FIG. 2 is a schematic view of one well perforation of FIG. 1.
FIG. 3A is an electron microscope photograph of a region including cemented sand according to the method of the present invention.
FIG. 3B is an electron microscope photograph of a portion of the cemented sands shown in FIG. 3A, in which the sands have formed an Actinolite cement.
FIG. 3C is an electron microscope photograph of a portion of the cemented sands shown in FIG. 3A, in which the sands have formed a Wollastonite cement.
FIG. 3D is an electron microscope photograph of a portion of the cemented sands shown in FIG. 3A, in which the sands have formed a silica cement.
FIG. 4A is photomicrograph of cemented sand forming Wollastonite cement crystals produced according to the method of the present invention.
FIG. 4B is an additional photomicrograph of cemented sands forming Wollastonite cement crystals produced according to the method of the present invention.
FIG. 4C is a photomicrograph of cemented sands forming Actinolite cement needles produced according to the method of the present invention.
FIG. 4D is an additional photmicrograph of cemented sands forming Actinolite cement needles produced according to the method of the present invention.
FIG. 5A is a thin section photomicrograph of a well core prior to introduction of steam according to the method of the present invention.

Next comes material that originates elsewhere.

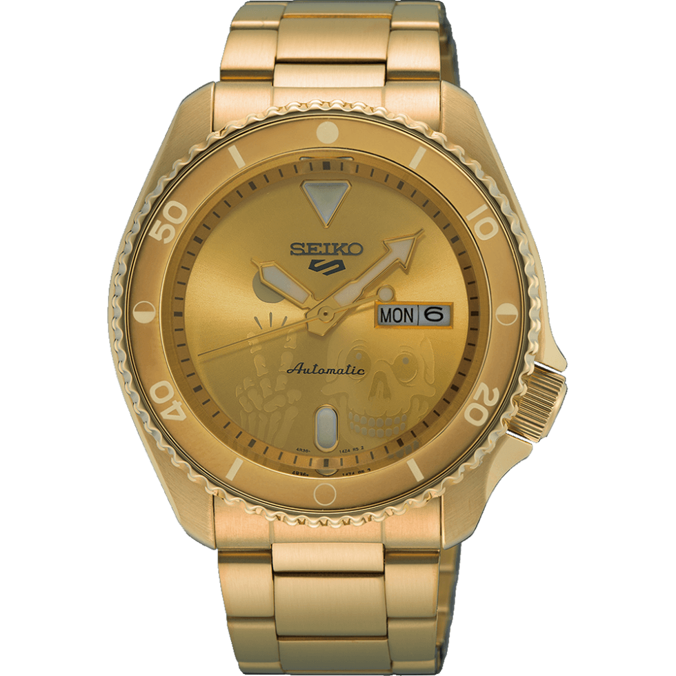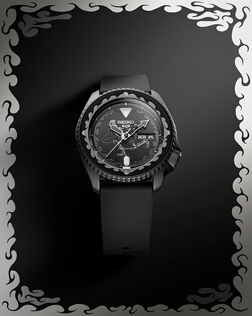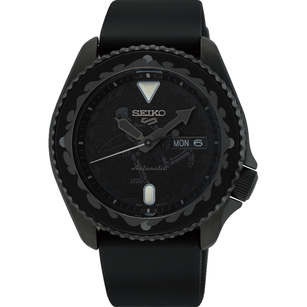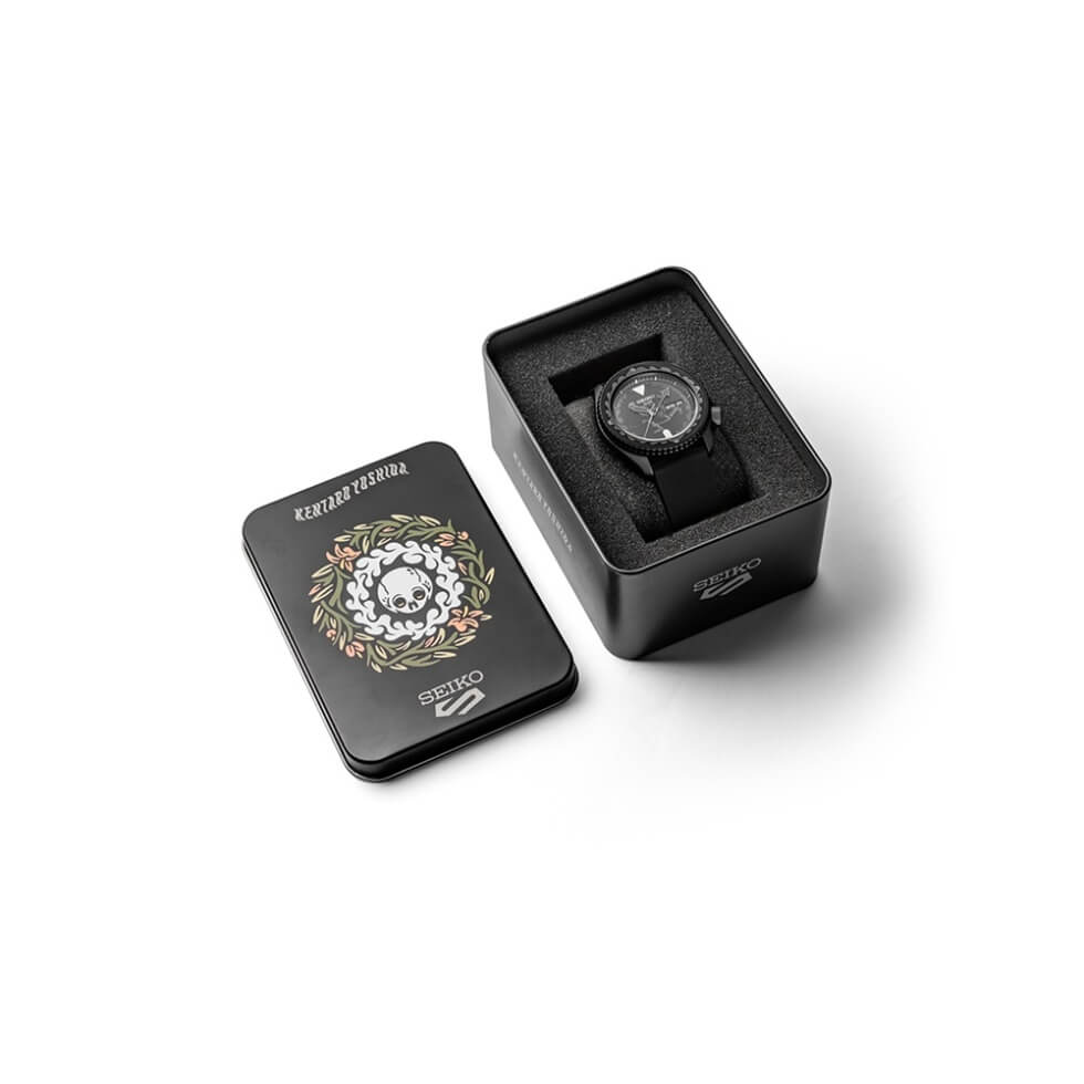 Meanwhile, timekeeping functions are handled by an in-house Calibre 4R36 movement. The self-winding mechanical system boasts a 41-hour power reserve and a day/date aperture at 3 o’clock. Among the trio, most of us here will pick reference SRPL25K. Out of the bunch, this is the blackout option courtesy of its PVD coat. The dial is adorned with the artist’s signature skeleton motif. It also ships with a black rubber strap.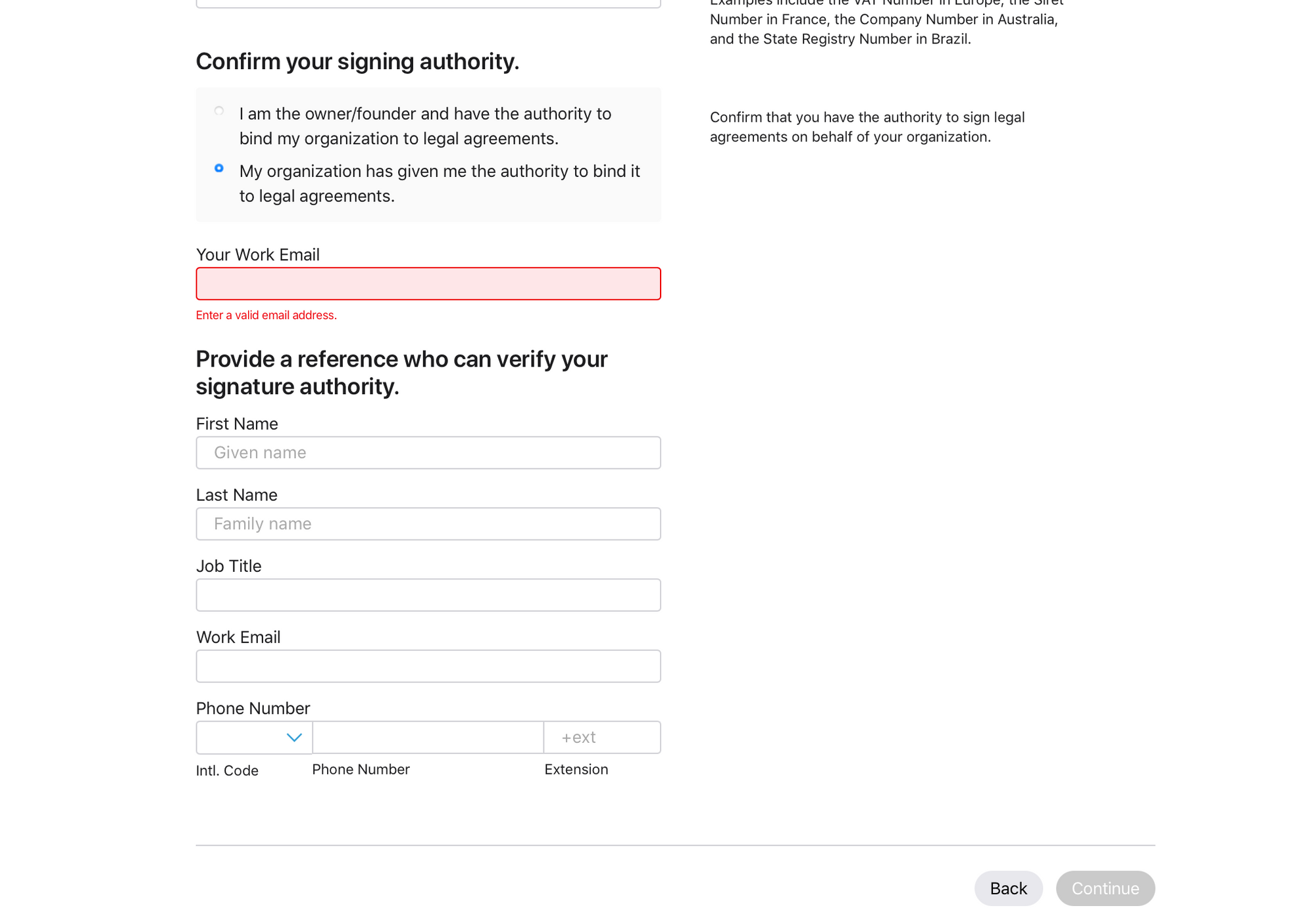 If you select delegated powers (My organization has given me the authority...), you will need to provide a reference to a person in the company that can attest to delegating powers to you. Apple will call the reference to verify.

FIG. 5B is a thin section photmicrograph of a well core in which partial dissolution has taken place after introduction of steam according to the method of the present invention.
FIG. 5C is a thin section photomicroprocessor of a well core in which dissolution wormholes have formed due to introduction of steam according to the method of the present invention.
FIG. 5D is an additional thin section photomicrograph of a well core in which dissolution wormholes have formed due to introduction of steam according to the method of the present invention.
Table 1 provides data from sample wells in which the method of the present invention has been used.
Table 2 provides additional data from sample wells in which the method of the present invention has been used.
Table 3 provides additional data from sample wells in which the method of the present invention has been used.
Table 4 provides additional data from sample wells in which the method of the present invention has been used.
Table 5 provides additional data from sample wells in which the method of the present invention has been used.
Table 6 provides data from a mineral analysis of foundation sands.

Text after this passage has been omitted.